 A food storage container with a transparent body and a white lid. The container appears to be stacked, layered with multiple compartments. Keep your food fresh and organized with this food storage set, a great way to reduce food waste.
-*-
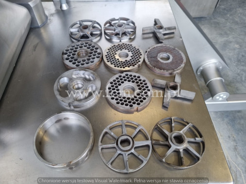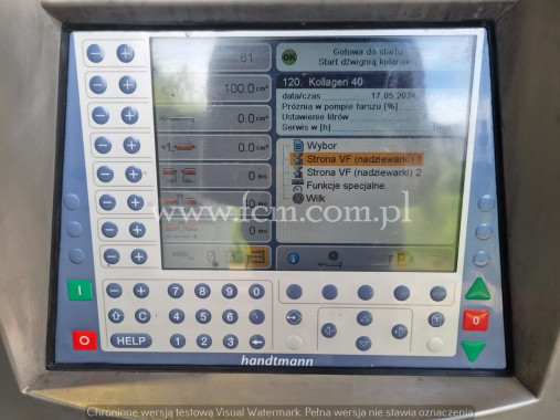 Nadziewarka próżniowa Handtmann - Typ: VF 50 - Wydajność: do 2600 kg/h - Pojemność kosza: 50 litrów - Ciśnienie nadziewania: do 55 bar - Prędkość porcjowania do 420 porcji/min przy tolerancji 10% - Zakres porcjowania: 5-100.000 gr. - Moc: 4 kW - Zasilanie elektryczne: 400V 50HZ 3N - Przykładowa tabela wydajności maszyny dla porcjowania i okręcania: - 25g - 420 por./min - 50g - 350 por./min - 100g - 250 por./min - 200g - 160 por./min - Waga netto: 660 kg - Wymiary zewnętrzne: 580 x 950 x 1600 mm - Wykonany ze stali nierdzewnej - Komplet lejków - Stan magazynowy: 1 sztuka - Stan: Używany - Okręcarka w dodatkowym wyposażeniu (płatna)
-*-
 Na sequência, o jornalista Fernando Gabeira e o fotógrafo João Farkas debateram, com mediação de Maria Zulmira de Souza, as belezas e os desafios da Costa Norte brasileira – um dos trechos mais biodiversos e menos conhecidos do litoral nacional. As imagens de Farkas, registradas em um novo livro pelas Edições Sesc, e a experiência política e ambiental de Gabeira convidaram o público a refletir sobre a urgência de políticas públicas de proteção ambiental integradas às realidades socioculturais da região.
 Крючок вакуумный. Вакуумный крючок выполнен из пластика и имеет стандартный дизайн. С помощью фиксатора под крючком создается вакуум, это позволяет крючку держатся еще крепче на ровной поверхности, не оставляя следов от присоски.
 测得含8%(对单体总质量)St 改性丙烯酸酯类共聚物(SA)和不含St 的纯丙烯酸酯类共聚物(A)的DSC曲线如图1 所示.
-*-
TASK TO CARRY OUT> Write out, from the lines above, only those from the line with "Na sequência, o" to the line with "测得含8%(对单体总质量)St 改性丙烯酸酯类共聚物(SA)和不含St 的纯丙烯酸酯类共聚物(A)的DSC曲线如图1", exactly as given, including the first and the last.

YOUR SOLUTION>
 Na sequência, o jornalista Fernando Gabeira e o fotógrafo João Farkas debateram, com mediação de Maria Zulmira de Souza, as belezas e os desafios da Costa Norte brasileira – um dos trechos mais biodiversos e menos conhecidos do litoral nacional. As imagens de Farkas, registradas em um novo livro pelas Edições Sesc, e a experiência política e ambiental de Gabeira convidaram o público a refletir sobre a urgência de políticas públicas de proteção ambiental integradas às realidades socioculturais da região.
 Крючок вакуумный. Вакуумный крючок выполнен из пластика и имеет стандартный дизайн. С помощью фиксатора под крючком создается вакуум, это позволяет крючку держатся еще крепче на ровной поверхности, не оставляя следов от присоски.
 测得含8%(对单体总质量)St 改性丙烯酸酯类共聚物(SA)和不含St 的纯丙烯酸酯类共聚物(A)的DSC曲线如图1 所示.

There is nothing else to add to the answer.